[ROARosen]

> Businesses that do not have a legitimate reason to view my sensitive document like Passport , should not be allowed to do so.

I get parent comment's totally legitimate security concerns. And businesses that have no business having my identity should surely not be asking for it. But I don't honestly understand how this has anything to do with Stripe. These businesses (which for whatever reason are asking for ID verification before doing business with you) are just using Stripes API to verify identity instead of just taking your info themselves.

Any customer giving their information presumably knows they are giving said business their identity documents, the customers might not even know that the business is using Stripe's API.

Furthermore, Stripe is ostensibly coming in here to streamline the process for business taking identity info from customers. Why - in your opinion - is it worse for consumers when these-type businesses (which ask for identity), use their own-rolled id verification than using Stripe's?

[echopom]

> Why - in your opinion - is it worse for consumers when these-type businesses (which ask for identity), use their own-rolled id verification than using Stripe's?

The point isn't so much using third party , we use a third party on prem.

My point is very simple : Why on earth would you let discord view my passport ? JUST WHY ?!

Those documents are very sensitive and no one should have access to them unless they have a VERY good reason to do so.

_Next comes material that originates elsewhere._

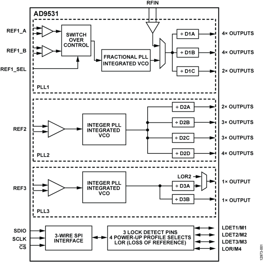 AD9531提供一個(gè)多路輸出時(shí)鐘發(fā)生器和三個(gè)具有可編程輸出頻率和格式的片上鎖相環(huán)內(nèi)核(PLL)內(nèi)核。

PCI DSS treat "card information" like hot lava, the same model should have applied here.

Stripe should have acted as a "Trusted Party" and securely store those documents without giving access to it but just let you extract the information from it.

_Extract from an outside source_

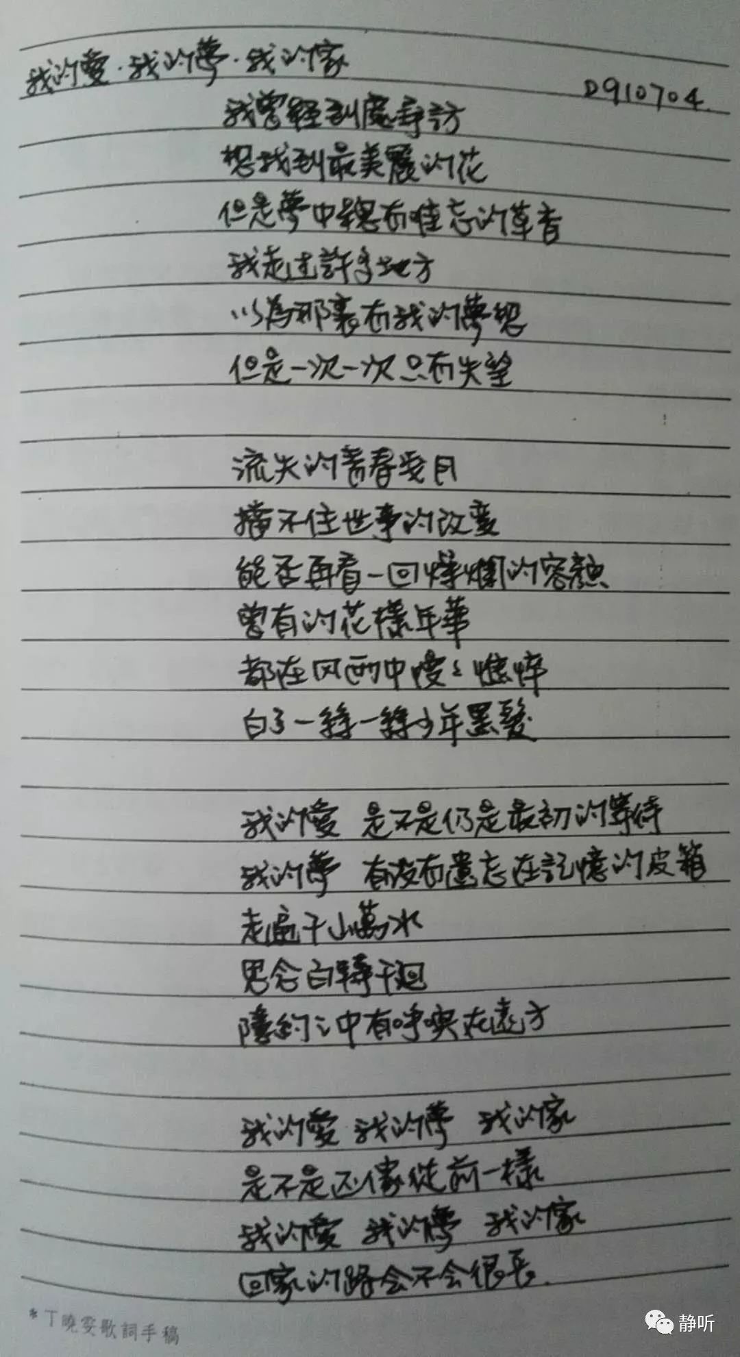 丁晓雯《我的爱·我的梦·我的家》歌词手稿

Thus you would been able to have uniquely identified user , backed up by government id , but you can't get access to the documents and sensitive data should have been redacted .... just like Card Number...

Again unless you are a Fintech / Financial Instituion , with a VALID in effect license , you should not have access to those documents.

[ROARosen]

I totally agree. Businesses should not legally be allowed to access more information than they need. Like why do hospitals ask for my Social Security number? I know I can refuse it, but if they really don't need it shouldn't it be illegal for them to needlessly probe my identity?

And the list goes on...

[derefr]

If you've ever been carded at a bar/liquor store in a foreign country, then that random small business has seen your passport, no? How do you feel about that?

[supernovae]

Being human to human, unless they're wearing tech that would allow them to scan/archive it, normally they just verify (eyeball it) and you get it back.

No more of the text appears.